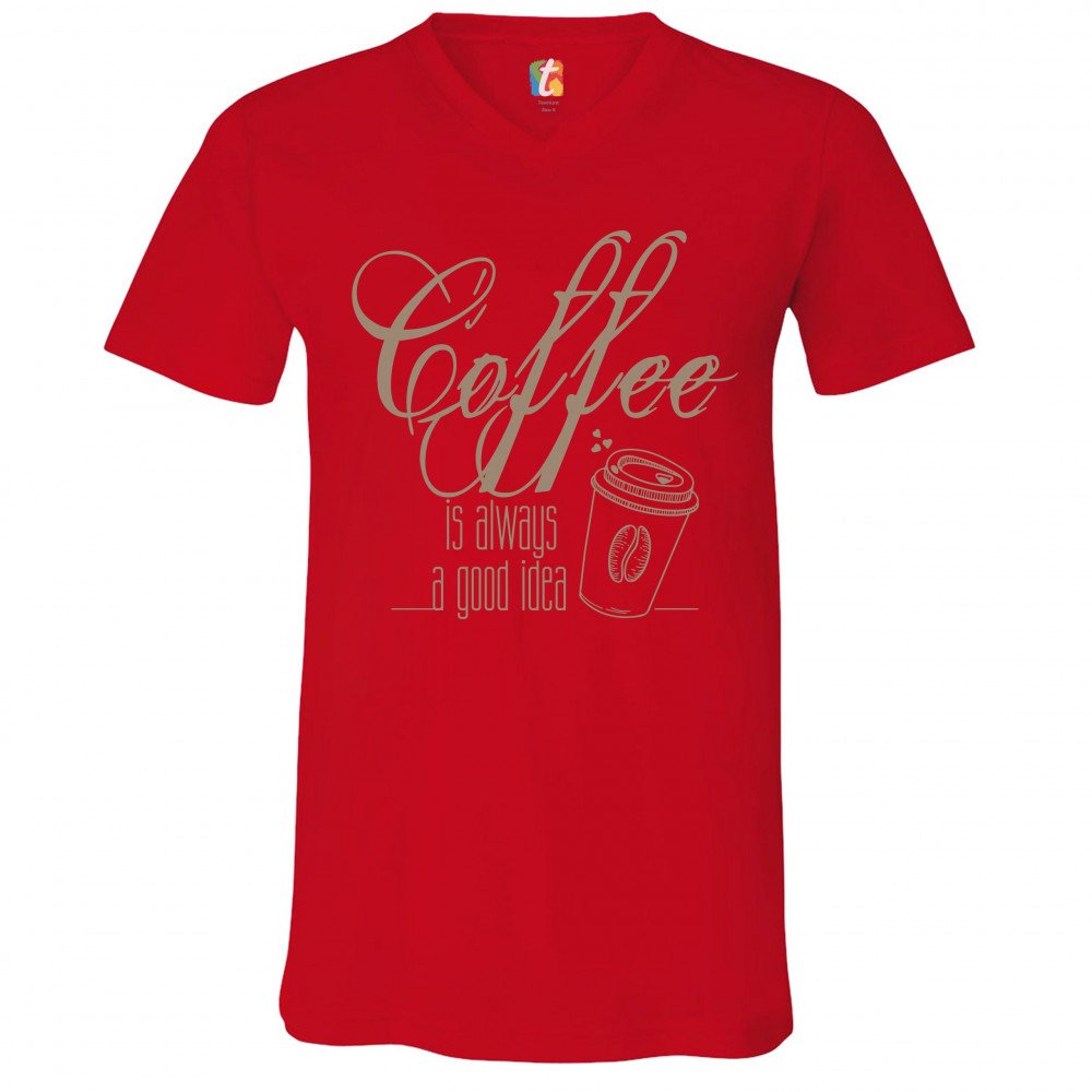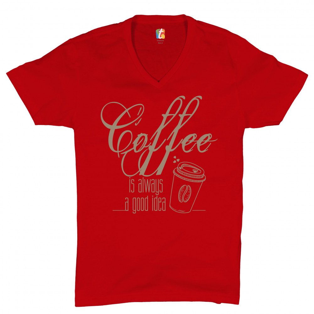A print saying "Coffee is always a good idea". The print features a picture of a paper cup of tea with a coffee bean on it and with several hearts steaming from it. A great choice to wear to spread positive vibes and show what a passionate coffee fan you
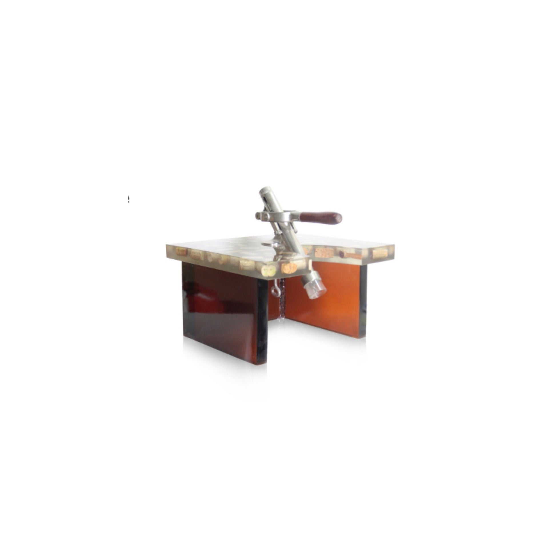Reminiscent of vintage industrialist ingenuity, the “Montel” wine opener cove was conceived by a Texan mixologist to pay tribute to the perennial art of winemaking. The roof of this nostalgic apparatus embodies a collection of wine corks nestled & suspended within clear resin under-painted in espresso. A vintage wine opener is mounted in a creviced top to allow bottle access and is supported by translucent merlot hued walls
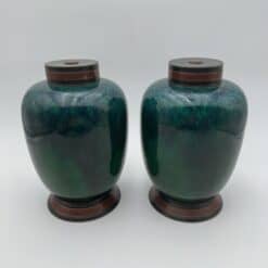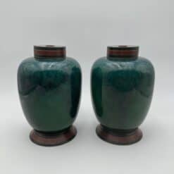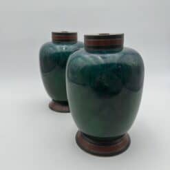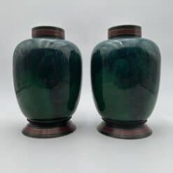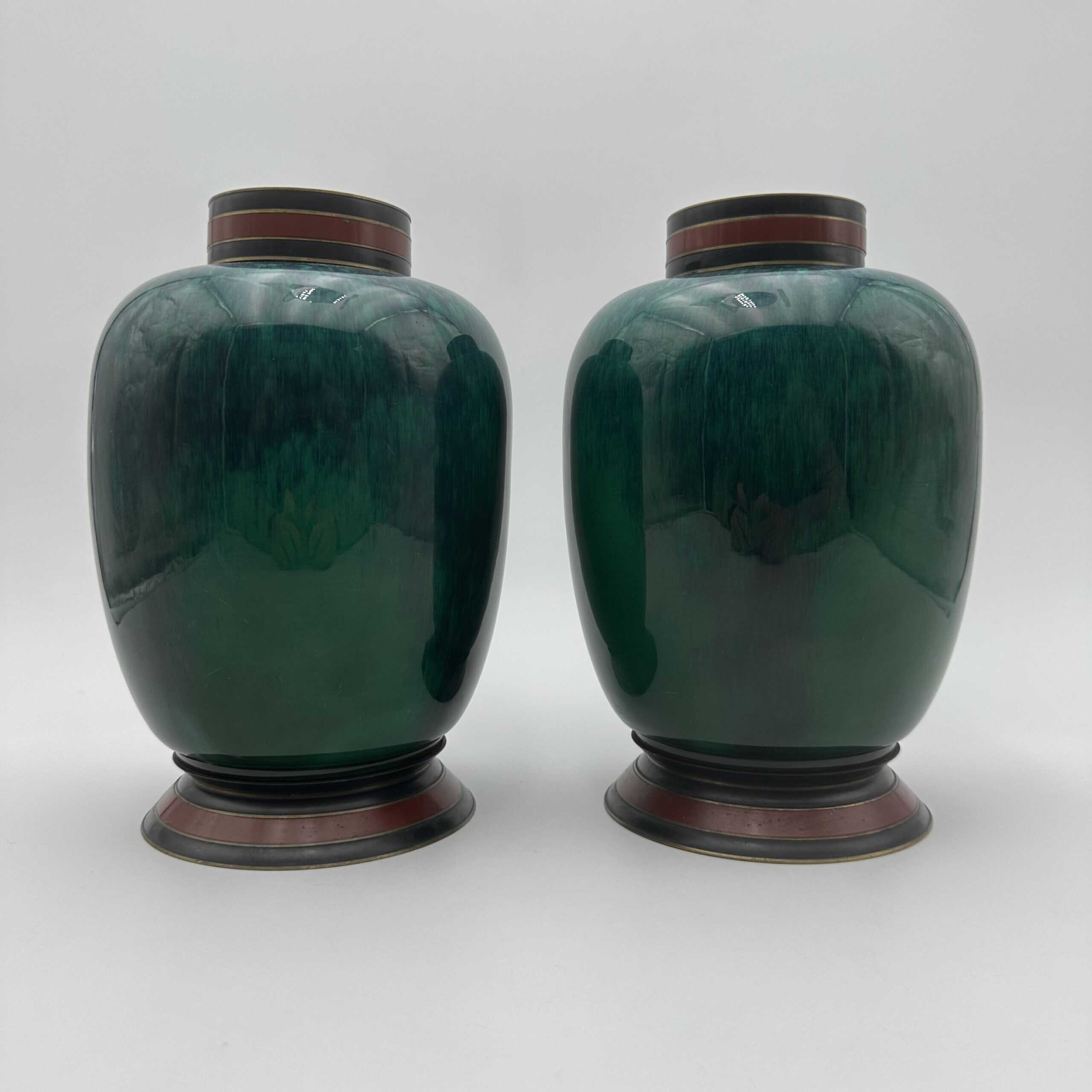 The pair remains in excellent vintage condition with a well-preserved glossy finish. These vases offer collectors a rare and sophisticated addition.
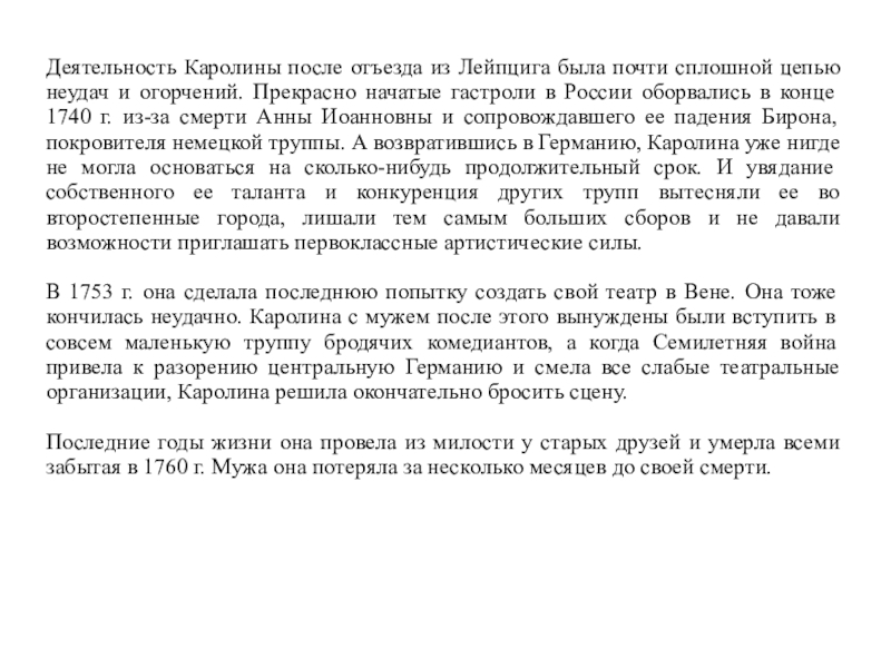 конце 1740 г. из-за смерти Анны Иоанновны и сопровождавшего ее падения Бирона, покровителя немецкой труппы. А возвратившись в Германию, Каролина уже нигде не могла основаться на сколько-нибудь продолжительный срок. И увядание собственного ее таланта и конкуренция других трупп вытесняли ее во второстепенные города, лишали тем самым больших сборов и не давали возможности приглашать первоклассные артистические силы.
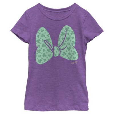 Girl's Mickey & Friends Bow Tie With Clovers T-Shirt
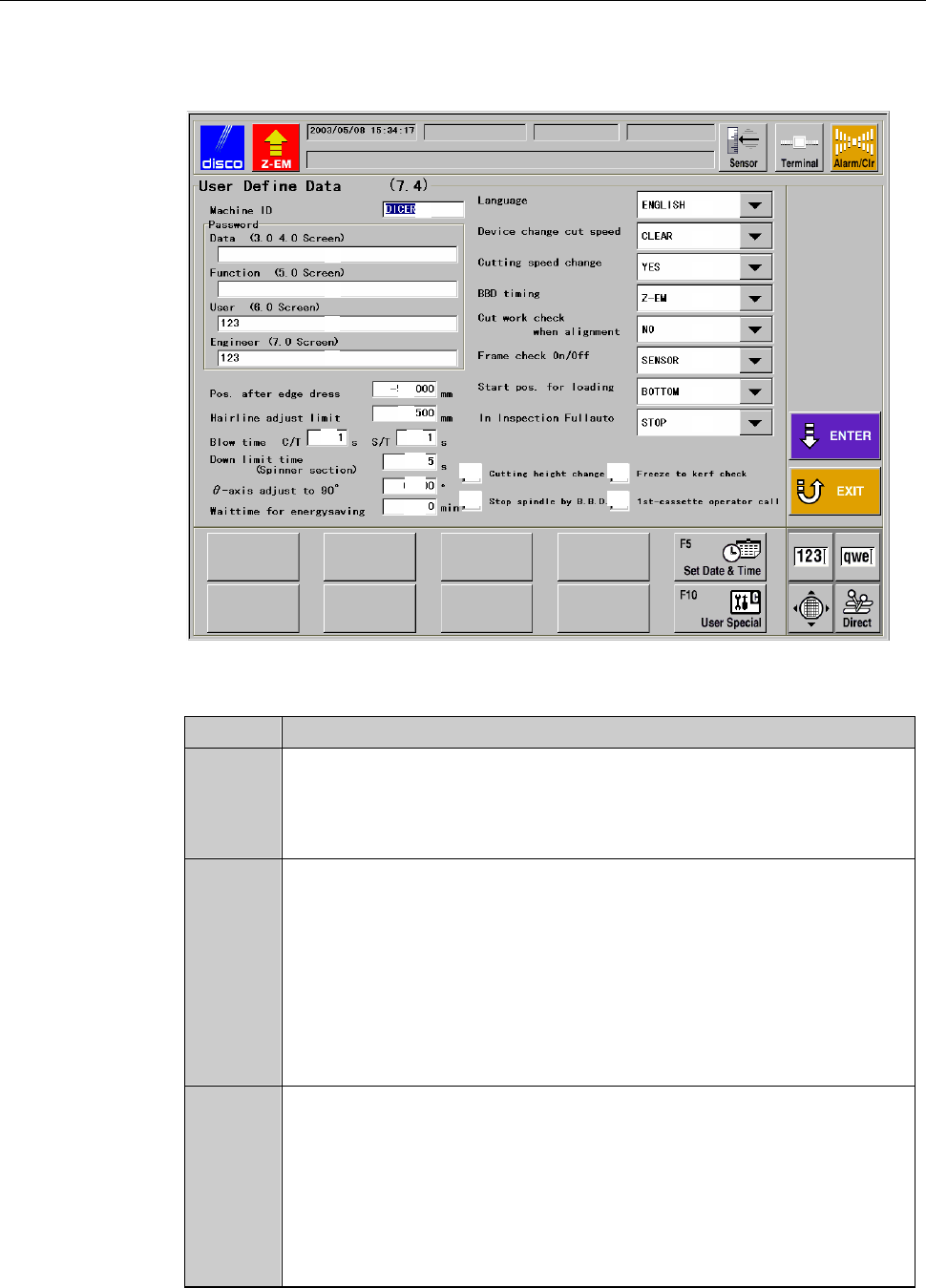 In the USER DEFINE DATA screen [screen 7.4], you can change the machine
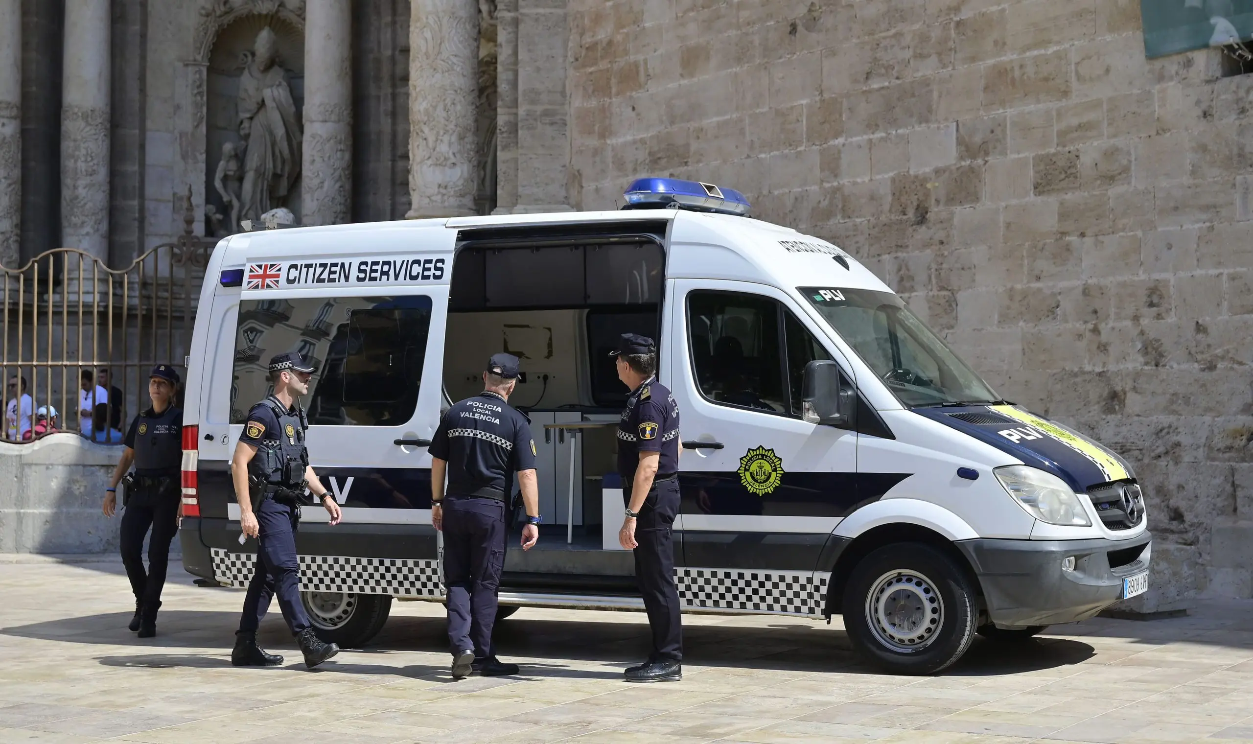 El dispositivo constará de 2 agentes patrullando a pie la zona de la plaza de L‘Ajuntament, 2 agentes patrullando a pie en la zona del Mercado Central y la Lonja, y 2 agentes y una Unidad Móvil Rotulada y de Atención Directa, que operará los 7 días de la semana, de 9:30 a 22:00 horas, en la plaza de la Reina.
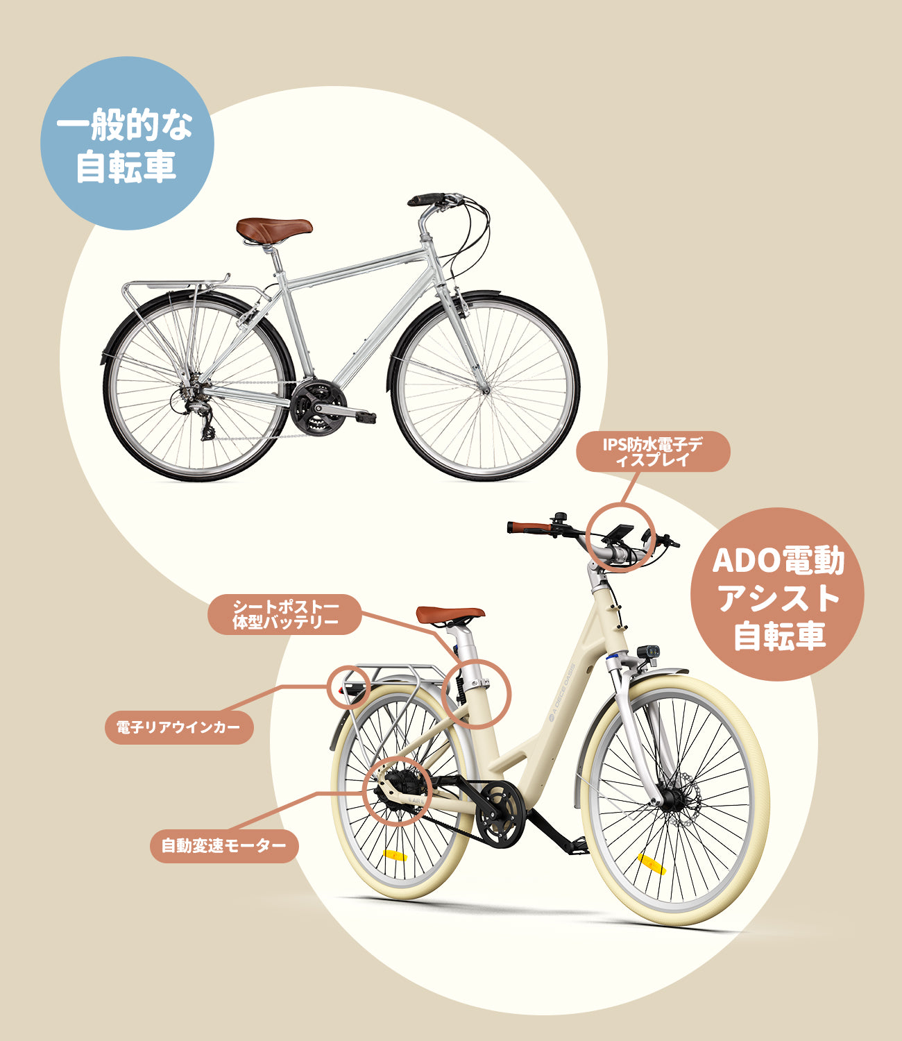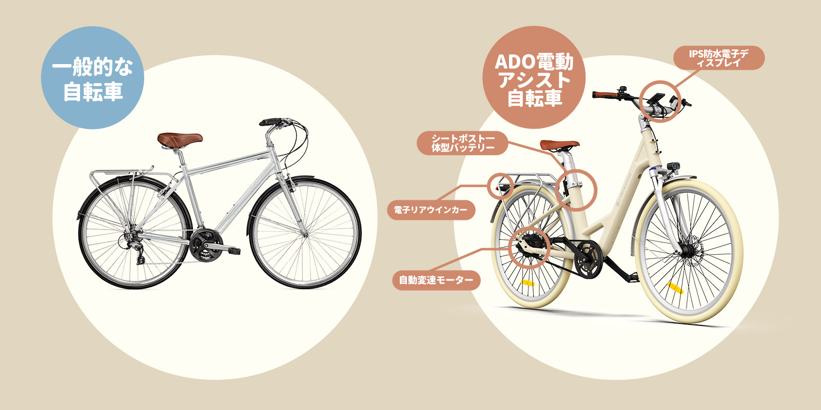 免許不要で、一般自転車と同様に、どなたでも手軽に乗ることができます。一般自転車と異なり、電動アシスト自転車にはスイッチ・バッテリー・モーターが搭載されており、より快適な走行をサポートします。
■ ■ ■ ■
- _TASK PROMPT_
The answer is to be the lines of the listing from the first through the one with "The pair remains", reproduced exactly, without any pictures.

- _TASK ANSWER_
A print saying "Coffee is always a good idea". The print features a picture of a paper cup of tea with a coffee bean on it and with several hearts steaming from it. A great choice to wear to spread positive vibes and show what a passionate coffee fan you
Reminiscent of vintage industrialist ingenuity, the “Montel” wine opener cove was conceived by a Texan mixologist to pay tribute to the perennial art of winemaking. The roof of this nostalgic apparatus embodies a collection of wine corks nestled & suspended within clear resin under-painted in espresso. A vintage wine opener is mounted in a creviced top to allow bottle access and is supported by translucent merlot hued walls
 The pair remains in excellent vintage condition with a well-preserved glossy finish. These vases offer collectors a rare and sophisticated addition.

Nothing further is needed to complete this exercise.